> _Supplied data_
========================

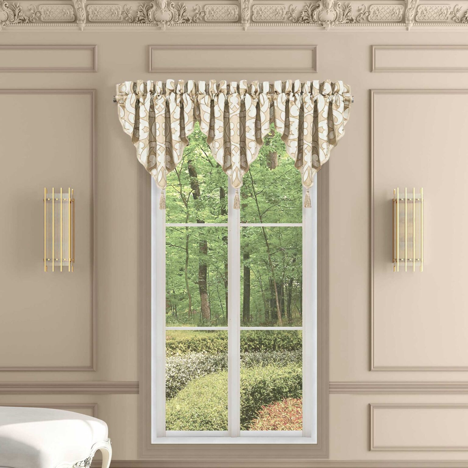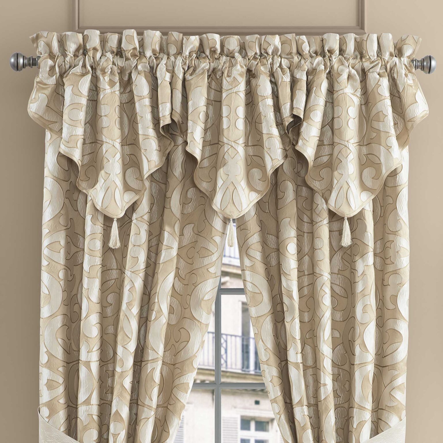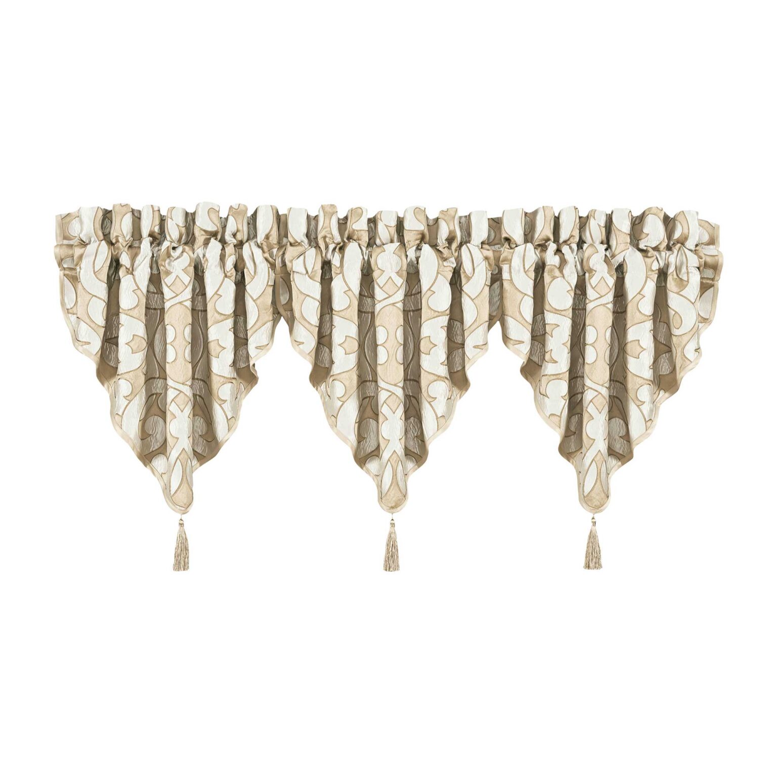 The La Boheme Ascot Valance Is Exquisite With Its Interlocking Woven Damask Design In Ivory And Gold Tones. This Beautiful Valance Is Embellished With A 4” Mingled Tassel, To Add An Elegant Touch To This Grand Design. The 3″ Header And 3″ Rod Pocket Make This Valance Easy To Hang. Window Shown With Three Valances (Each Sold Separately).
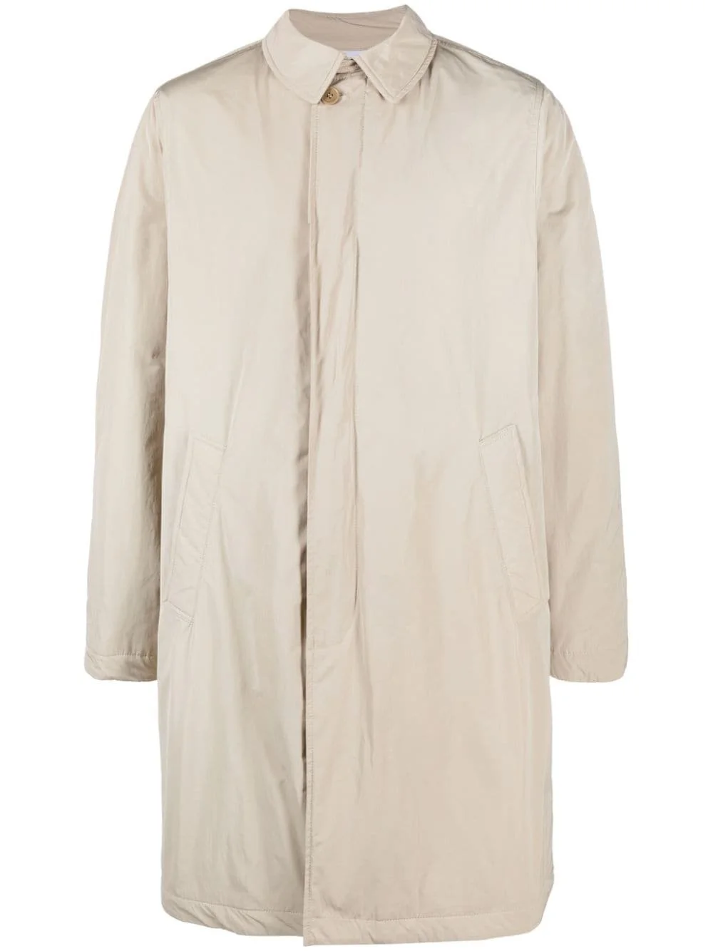 single-breasted padded raincoat Highlights - Light beige - Classic collar - Concealed front fastening - Long sleeves - Buttoned-cuff sleeves - Straight hem - Above-knee length Imported Composition Outer: Polyester 100% Lining: Polyamide 100%, Polyester 100% SIZE & FIT Model measurements Height 6 ft 2 in(1.87 m) Bust/Chest 36.61 in(93 cm) Hips 35.03 in(89 cm) Waist 27.95 in(71 cm) FittingInformation Designed to be unstructured, offering a loose fit throughout The vented hem offers movement at the rear Made from a padded non-stretch fabric, giving it no natural elasticity
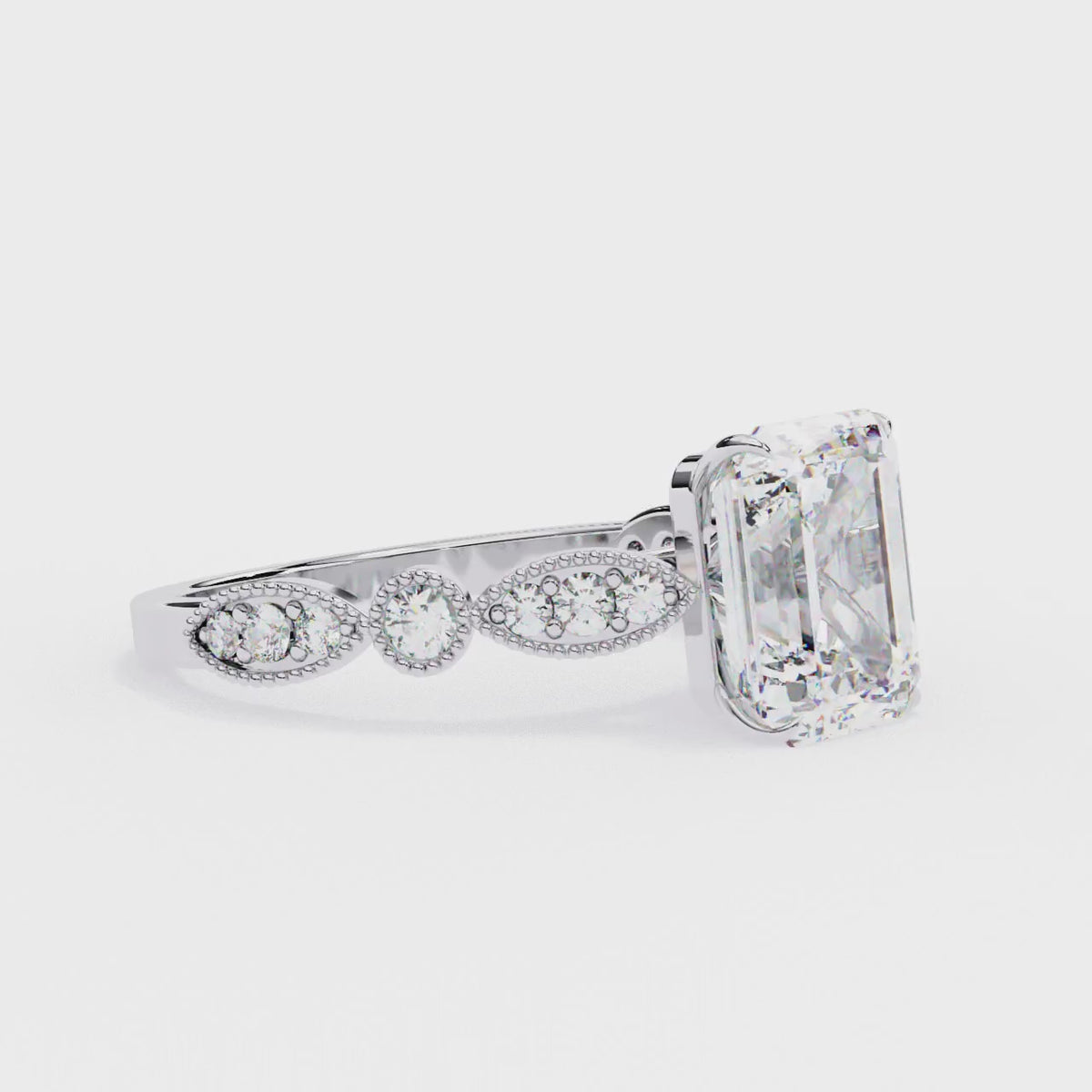 The cathedral setting enhances the beauty of the emerald-cut diamond by elevating it in a graceful arch. The design mimics the soaring arches of a cathedral, creating a sense of grandeur and strength.
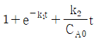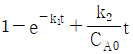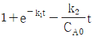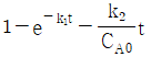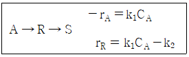 A가 R을 거쳐 S로 반응하는 연속반응과 A와 R의 소모 및 생성 속도 아래와 같을대, 이 반응을 회분식 반응기에서 반응시켰을 때의 CR/CA0는? (단, 반응 시작 시 회분식 반응기에는 순수한 A만을 공급하여 반응을 시작한다.)

========================

> _Problem_
The reply should consist of the listing restated word for word, with its pictures removed.

> _Response to the exercise_
 The La Boheme Ascot Valance Is Exquisite With Its Interlocking Woven Damask Design In Ivory And Gold Tones. This Beautiful Valance Is Embellished With A 4” Mingled Tassel, To Add An Elegant Touch To This Grand Design. The 3″ Header And 3″ Rod Pocket Make This Valance Easy To Hang. Window Shown With Three Valances (Each Sold Separately).
 single-breasted padded raincoat Highlights - Light beige - Classic collar - Concealed front fastening - Long sleeves - Buttoned-cuff sleeves - Straight hem - Above-knee length Imported Composition Outer: Polyester 100% Lining: Polyamide 100%, Polyester 100% SIZE & FIT Model measurements Height 6 ft 2 in(1.87 m) Bust/Chest 36.61 in(93 cm) Hips 35.03 in(89 cm) Waist 27.95 in(71 cm) FittingInformation Designed to be unstructured, offering a loose fit throughout The vented hem offers movement at the rear Made from a padded non-stretch fabric, giving it no natural elasticity
 The cathedral setting enhances the beauty of the emerald-cut diamond by elevating it in a graceful arch. The design mimics the soaring arches of a cathedral, creating a sense of grandeur and strength.
 A가 R을 거쳐 S로 반응하는 연속반응과 A와 R의 소모 및 생성 속도 아래와 같을대, 이 반응을 회분식 반응기에서 반응시켰을 때의 CR/CA0는? (단, 반응 시작 시 회분식 반응기에는 순수한 A만을 공급하여 반응을 시작한다.)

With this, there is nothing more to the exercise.